Chapitre 13 : La malade (imaginaire)
- MARTIN -
J'attendais avec impatience à l'hôpital, au dernier étage de l'orphelinat. Une conversation avec ma mère avait suffit pour que je les fasse changer de décision : Mahaut allait revenir. Seul cela comptait.
Catherine Luvois, l'infirmière en chef, me laissa aller voir Mahaut. Elle se trouvait dans une petite pièce blanche du sol au plafond, en passant par les meubles.
La nuque reliée à un Contrôleur, le bras à un tuyau, elle était immobile.
- Mahaut, tu vas bien ?
Elle semblait me regarder sans me voir, comme si elle voyait à travers un fantôme.
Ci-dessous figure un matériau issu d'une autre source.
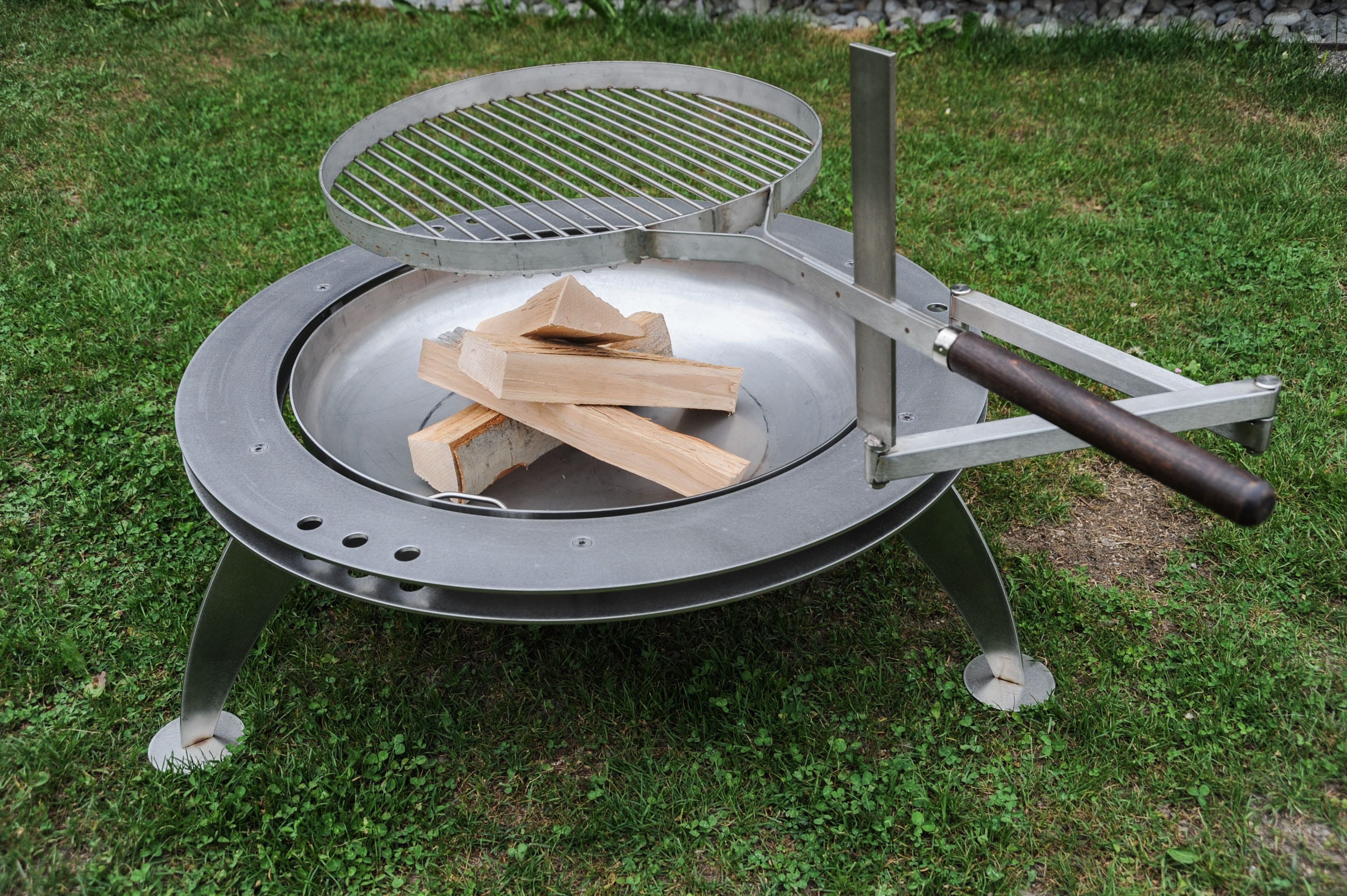 Mit unseren Grill- und Feuerobjekten aus verschiedenen Materialien erschaffen Sie an lauen Sommerabenden oder mitten im Winter eine einzigartige Atmosphäre. Wer den klassischen Grillgenuss sucht, aber von den handelsüblichen Modellen genug hat, ist bei uns an der richtigen Adresse. Bei der metall + handwerk ag finden Sie kreative Objekte, die das Herz eines jeden Grillmeisters höher schlagen lassen. Mit dem durchdachten Zubehör garantieren wir ein tolles Koch- und Grillvergnügen der besonderen Art. Durch das Doppelarm-System lassen sich Grillrost, Lamellengrill, Bratspiess oder auch Bratenkorb mit Saucenschale mühelos montieren. Weiteres Zubehör wie Gusstopf, Raclette-Halterung, Rösti- oder Maronipfanne, alles findet seinen Halt am Schwenkarm. Wem dies nicht genug ist: Das Fondue-Set und die WOK-Pfanne runden das Angebot ab. Gerne fertigen wir mit Kompetenz und Leidenschaft auch Ihr Wunsch-Modell an.

- Tu dois te remettre, d'accord ? Tu vas sortir de là, je te le promets. Oublie tout ça et tout ira bien de nouveau. Je t'aime, Mahaut.
J'essuyais la larme qui perlait à mes yeux et caressait la joue de la jeune femme. Ses cheveux roux éparpillés sur l'oreiller ressemblaient à une auréole autour de sa tête.
- Tu ne t'en souviendras probablement pas, mais je voulais te l'avouer, au moins une fois.
Catherine rentra dans la pièce, en me chassant prestement.
- Alors, ma grande, s'exclama-t-elle, il est l'heure de prendre ton médicament !
J'observais la scène familière sans ressentir d'émotion particulière. Ou peut-être ressentai-je de la joie, comme Mahaut allait revenir.
Catherine força la barrière de sa bouche pour lui faire avaler plusieurs cachets à la belle couleur vert canard. Puis elle murmura à son oreille quelques paroles rassurantes, dont je parvins à capter quelques bribes.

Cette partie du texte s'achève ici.